A number of new offset strategies have been proposed. Most seem to focus on uncovering the Holy Grail of a new transformative technology (e.g., robots, drones, lasers, nano systems). Some propose all-too-clever operating concepts for the military such as “offshore balancing.”
Virtually none of these proposals address the fundamental challenge to U.S. military dominance which is not technological but fiscal. Declining defense budgets, exacerbated by the draconian budget caps imposed by the Budget Control Act, are forcing deep reductions in both military capacity and capabilities. Because of the way the law is written and decisions made by the Obama Administration, the Pentagon is being forced to absorb the overwhelming majority of the budget cuts in two accounts, Operations and Maintenance and Acquisition. The military services are having to struggle with the impossible choice between insufficient current capacity and inadequate future capabilities.

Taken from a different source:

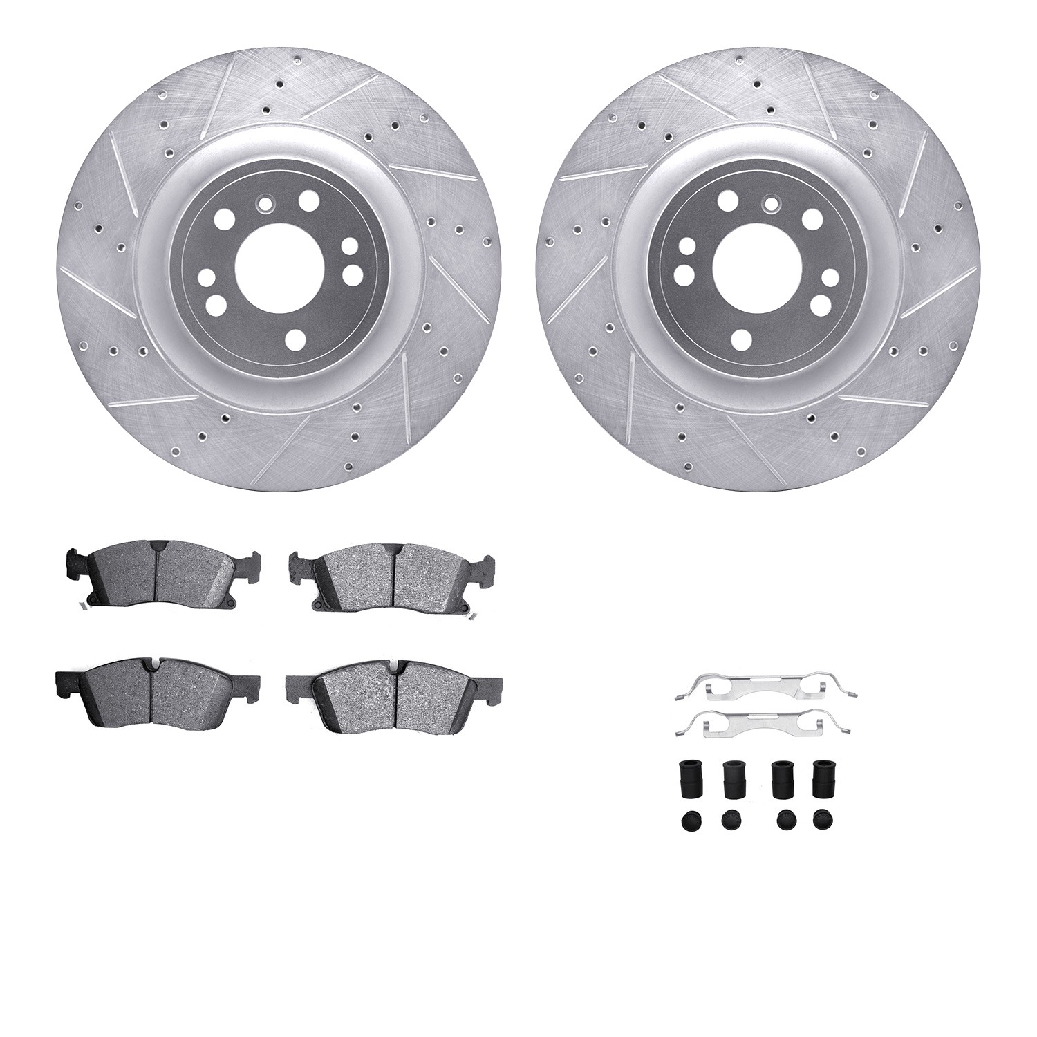 - DFC Brake Rotor - Drilled & Slotted - Silver- HD Brake Pad - Hardware

So, how about pursuing a true game-changing strategy? Let’s fix the Pentagon’s busted acquisition system. The current system virtually guarantees that even if we fell over a technological offset we couldn’t field it quickly enough, in sufficient numbers or at an affordable cost. Russia and China are catching up technologically not because they are smarter or more inventive but because they are unencumbered by an archaic acquisition system that has repeatedly done the ancient alchemists one better by turned gold into lead.
The real game changer would be if the Pentagon could acquire and field new capabilities in half the time and at reduced cost. Of equal significance would be using commercial best practices in maintenance, sustainment and supply chain management to lower the life cycle costs for military systems.
In its third edition of its acquisition improvement effort, Better Buying Power (BBP), the Pentagon finally seems to be acknowledging that its prior approach to faster, better and cheaper acquisition based on more oversight, monitoring, reporting and top-down direction has not produced the desired results. BBP 3.0 will propose some potentially important changes to the acquisition system including more use of modular and open systems architectures, greater dialogue with industry over requirements done earlier in the acquisition process, the removal of obstacles to procuring commercial items (does this mean abandoning demands for certified cost and pricing data?) and improving the search for advanced technologies in global markets.
BBP 3.0 is a move in the right direction. But it is not a game changer. If we want a true defense revolution, get the acquisition system out of the way. Companies such as Sikorsky and Textron have shown that the private sector on their own time and with their own resources can come up with new and even revolutionary systems in a fraction of the time for a small percentage of the cost of an official major defense acquisition program. It is all but impossible to exploit the advances of commercial technologies and take advantage of commercial best practices under the regulatory, reporting, accounting and contracting strictures imposed by the current acquisition system. If we do not fundamentally change the way the Pentagon does business we might as well run up the white flag now.